Task inputs
-*-*-

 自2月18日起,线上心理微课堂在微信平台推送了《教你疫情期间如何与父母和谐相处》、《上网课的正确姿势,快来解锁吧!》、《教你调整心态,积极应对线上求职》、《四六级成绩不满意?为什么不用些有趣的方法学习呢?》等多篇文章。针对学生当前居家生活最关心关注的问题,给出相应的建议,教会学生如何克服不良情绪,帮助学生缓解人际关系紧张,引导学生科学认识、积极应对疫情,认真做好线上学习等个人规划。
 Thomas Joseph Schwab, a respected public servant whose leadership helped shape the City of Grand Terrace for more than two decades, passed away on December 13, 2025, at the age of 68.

-*-*-

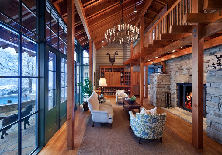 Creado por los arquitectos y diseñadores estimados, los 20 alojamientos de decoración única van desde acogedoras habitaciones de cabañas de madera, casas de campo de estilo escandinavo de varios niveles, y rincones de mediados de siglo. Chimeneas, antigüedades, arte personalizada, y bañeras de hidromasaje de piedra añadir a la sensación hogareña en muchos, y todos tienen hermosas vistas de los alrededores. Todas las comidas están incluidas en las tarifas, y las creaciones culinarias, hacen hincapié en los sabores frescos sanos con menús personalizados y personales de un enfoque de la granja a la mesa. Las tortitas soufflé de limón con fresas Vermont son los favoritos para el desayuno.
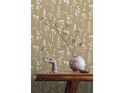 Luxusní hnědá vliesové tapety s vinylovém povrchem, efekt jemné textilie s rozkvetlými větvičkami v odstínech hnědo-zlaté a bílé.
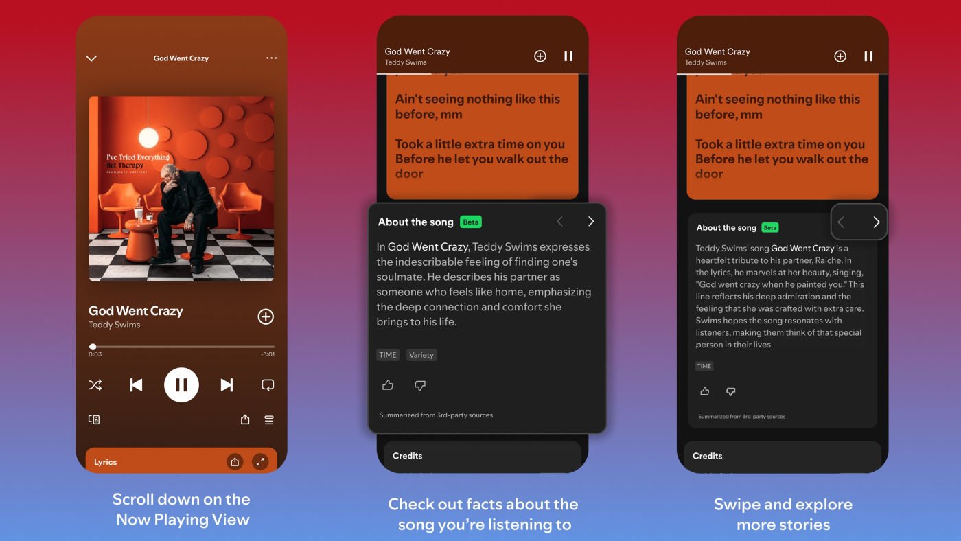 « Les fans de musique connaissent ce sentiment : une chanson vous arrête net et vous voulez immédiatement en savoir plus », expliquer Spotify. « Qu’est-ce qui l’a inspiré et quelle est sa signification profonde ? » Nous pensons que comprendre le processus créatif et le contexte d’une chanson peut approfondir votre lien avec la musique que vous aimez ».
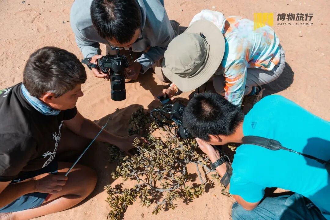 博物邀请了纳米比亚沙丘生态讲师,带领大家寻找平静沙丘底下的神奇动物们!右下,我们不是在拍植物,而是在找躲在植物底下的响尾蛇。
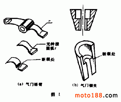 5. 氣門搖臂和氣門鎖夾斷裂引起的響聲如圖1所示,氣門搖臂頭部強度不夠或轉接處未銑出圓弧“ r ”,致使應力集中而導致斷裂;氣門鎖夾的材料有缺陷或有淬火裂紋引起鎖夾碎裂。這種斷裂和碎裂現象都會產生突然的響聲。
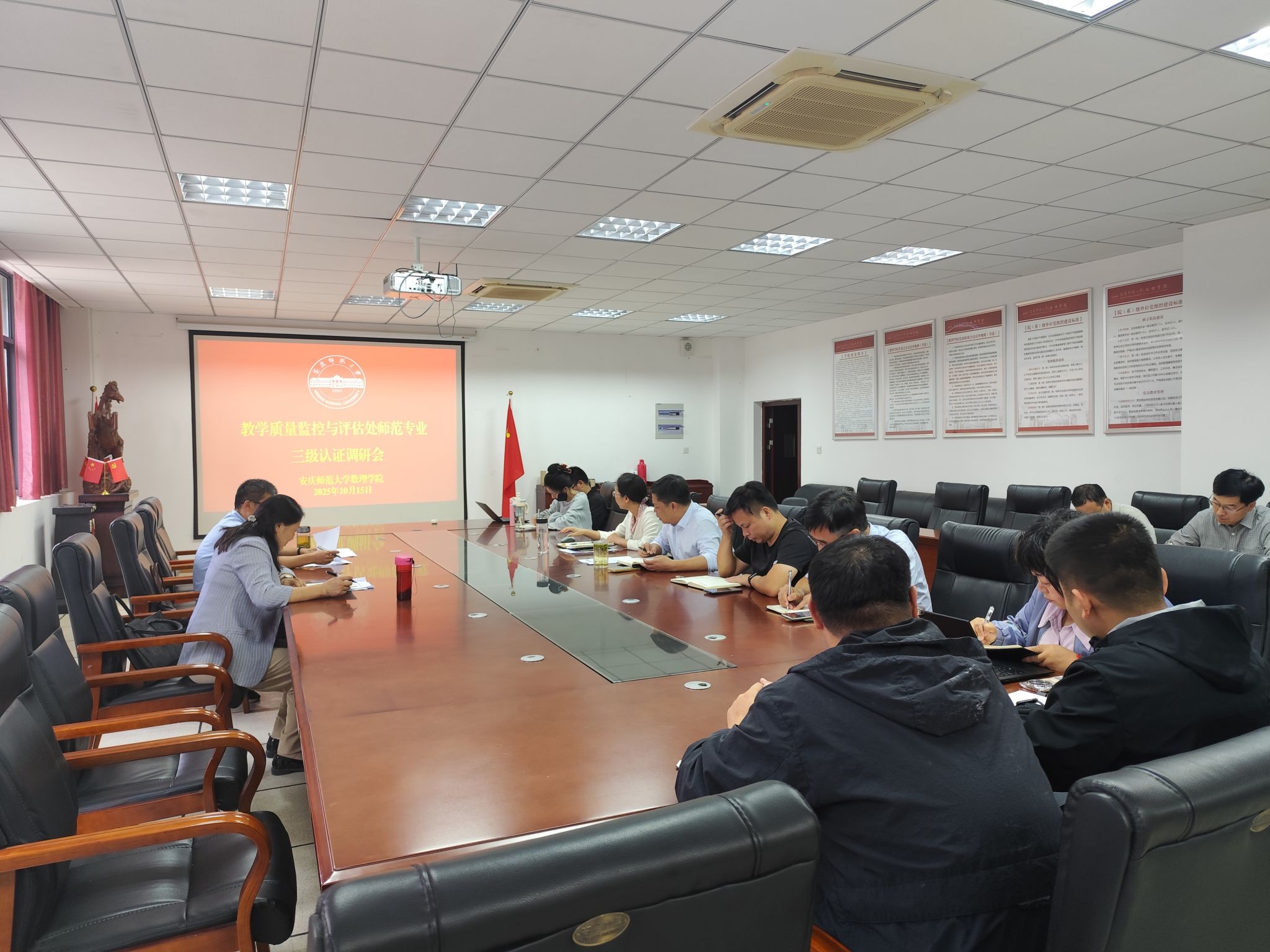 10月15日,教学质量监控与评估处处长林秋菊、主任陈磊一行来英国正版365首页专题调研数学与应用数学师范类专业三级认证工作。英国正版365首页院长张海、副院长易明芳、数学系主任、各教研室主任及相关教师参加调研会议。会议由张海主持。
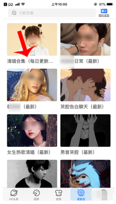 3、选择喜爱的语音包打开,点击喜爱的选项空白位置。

-*-*-

Problem details
In the listing above, find the line containing "自2月18日起,线上心理微课" and the line containing "Thomas Joseph Schwab, a", then quote both, plus every line between them, exactly as written.

The answer
 自2月18日起,线上心理微课堂在微信平台推送了《教你疫情期间如何与父母和谐相处》、《上网课的正确姿势,快来解锁吧!》、《教你调整心态,积极应对线上求职》、《四六级成绩不满意?为什么不用些有趣的方法学习呢?》等多篇文章。针对学生当前居家生活最关心关注的问题,给出相应的建议,教会学生如何克服不良情绪,帮助学生缓解人际关系紧张,引导学生科学认识、积极应对疫情,认真做好线上学习等个人规划。
 Thomas Joseph Schwab, a respected public servant whose leadership helped shape the City of Grand Terrace for more than two decades, passed away on December 13, 2025, at the age of 68.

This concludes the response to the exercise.